----- Data provided -----
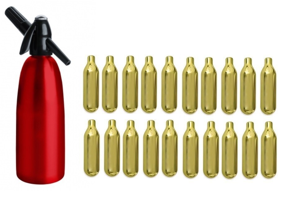 Czerwony Syfon Do Wody Sodowej Saturator 1l + Zestaw Naboi CO2 20 Szt.
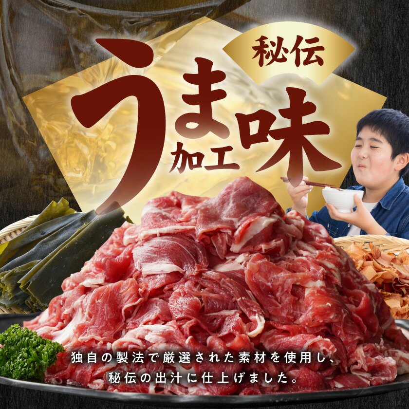 【ふるさと納税】国産牛赤身切り落とし1.8kg(うま味加工) - 牛肉 赤身肉 切り落とし 450g×4袋 うま味加工 昆布だし 冷凍配送 肉じゃが/牛丼/ハヤシライス/ビーフシチュー 秘伝の出汁 真空パック 小分け 送料無料 12-3609 【宮崎県都城市は2年連続ふるさと納税日本一!】
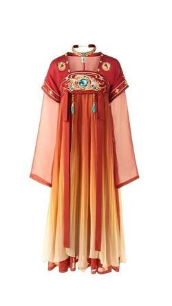 除瑶见神鹿,此系列还有大乔沧海之矅、嫦娥露花倒影、武则天倪克斯神谕、蔡文姬天籁弦音、王昭君凤凰于飞等。“大乔沧海之矅”是一款国风裙,将汉服的齐胸襦裙与王者荣耀里大乔的造型相结合,整体很“锦鲤”,鱼尾一样的飘片、蓝宝石刺绣和胸前的细节都很精巧,附送一款项链,宛若真实的大乔。“嫦娥露花倒影”是一款非常淡雅的裙装,精致的刺绣,飘逸的裙摆,柔和的渐变色,让这款设计“仙气”逼人。两件套装的“蔡文姬天籁弦音”,采用双面补子袄,配有精美的刺绣,下裙的黄绿色渐变更是充满少女的活力,让人不禁联想到穿越战场的天才美少女蔡文姬。裙摆点缀着音符花朵的刺绣,仿佛听见“回血”的音乐。
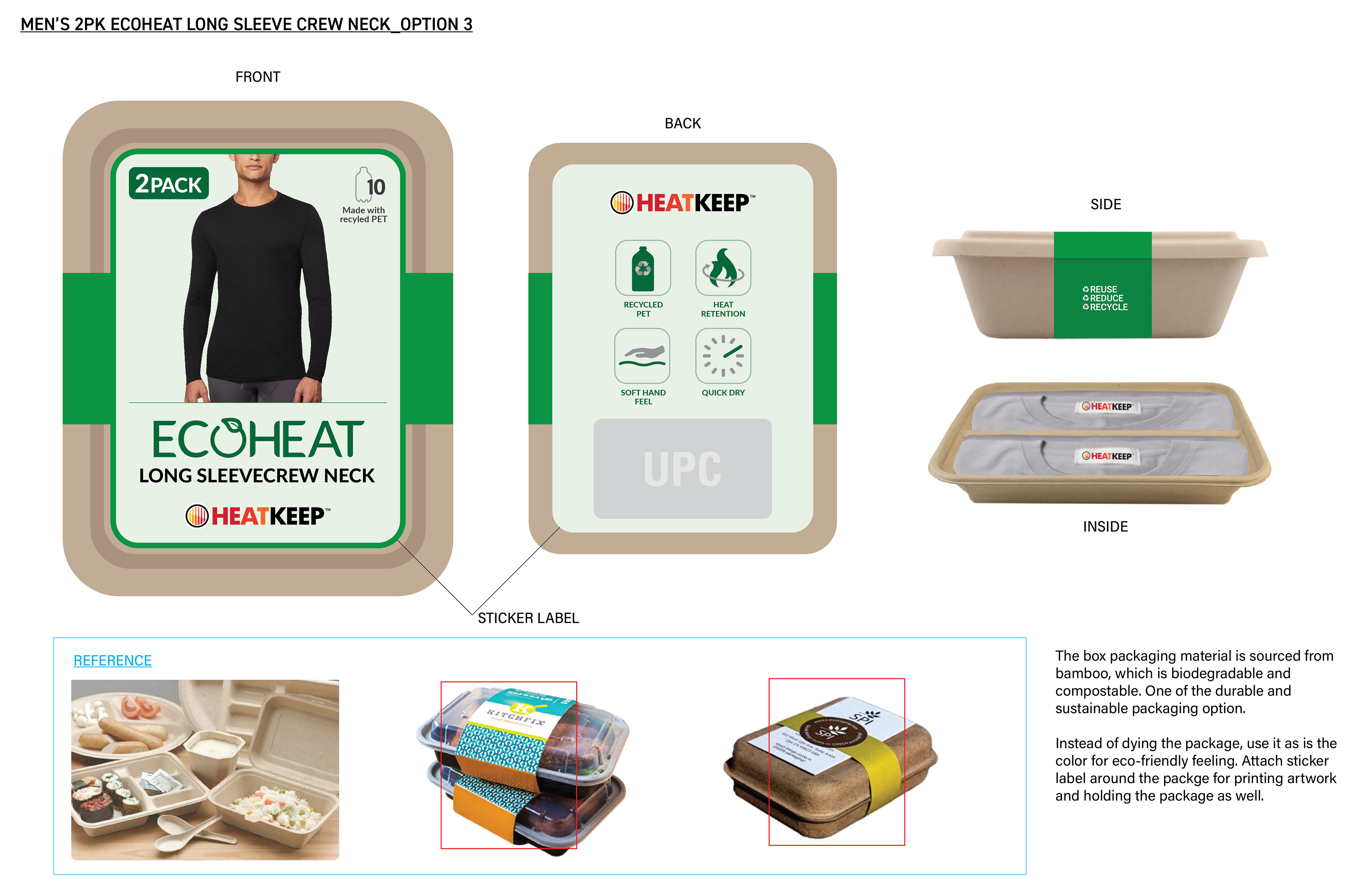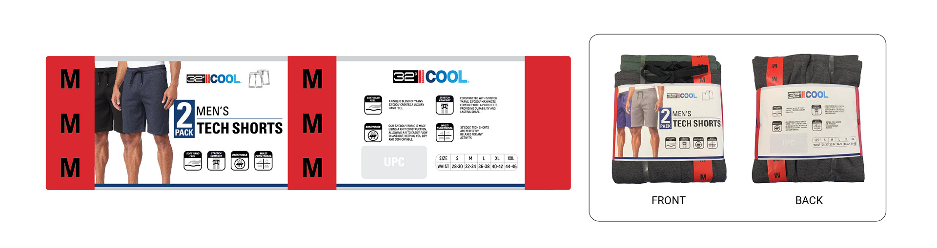 The first design among the below options is SS'21 Men's 2 pack shorts sold to the Costco table program. Below three are the options we prepared for updated versions of Men's 2pk shorts packaging for next season's buyer's meeting. The front and back images on the right are the handmade packaging mock-ups (it shows the idea of how will the actual samples look like).
-----
**Exercise prompt**
When you repeat the lines above, keep them exact and leave out each image they contain.

**Solution to this exercise**
 Czerwony Syfon Do Wody Sodowej Saturator 1l + Zestaw Naboi CO2 20 Szt.
 【ふるさと納税】国産牛赤身切り落とし1.8kg(うま味加工) - 牛肉 赤身肉 切り落とし 450g×4袋 うま味加工 昆布だし 冷凍配送 肉じゃが/牛丼/ハヤシライス/ビーフシチュー 秘伝の出汁 真空パック 小分け 送料無料 12-3609 【宮崎県都城市は2年連続ふるさと納税日本一!】
 除瑶见神鹿,此系列还有大乔沧海之矅、嫦娥露花倒影、武则天倪克斯神谕、蔡文姬天籁弦音、王昭君凤凰于飞等。“大乔沧海之矅”是一款国风裙,将汉服的齐胸襦裙与王者荣耀里大乔的造型相结合,整体很“锦鲤”,鱼尾一样的飘片、蓝宝石刺绣和胸前的细节都很精巧,附送一款项链,宛若真实的大乔。“嫦娥露花倒影”是一款非常淡雅的裙装,精致的刺绣,飘逸的裙摆,柔和的渐变色,让这款设计“仙气”逼人。两件套装的“蔡文姬天籁弦音”,采用双面补子袄,配有精美的刺绣,下裙的黄绿色渐变更是充满少女的活力,让人不禁联想到穿越战场的天才美少女蔡文姬。裙摆点缀着音符花朵的刺绣,仿佛听见“回血”的音乐。
 The first design among the below options is SS'21 Men's 2 pack shorts sold to the Costco table program. Below three are the options we prepared for updated versions of Men's 2pk shorts packaging for next season's buyer's meeting. The front and back images on the right are the handmade packaging mock-ups (it shows the idea of how will the actual samples look like).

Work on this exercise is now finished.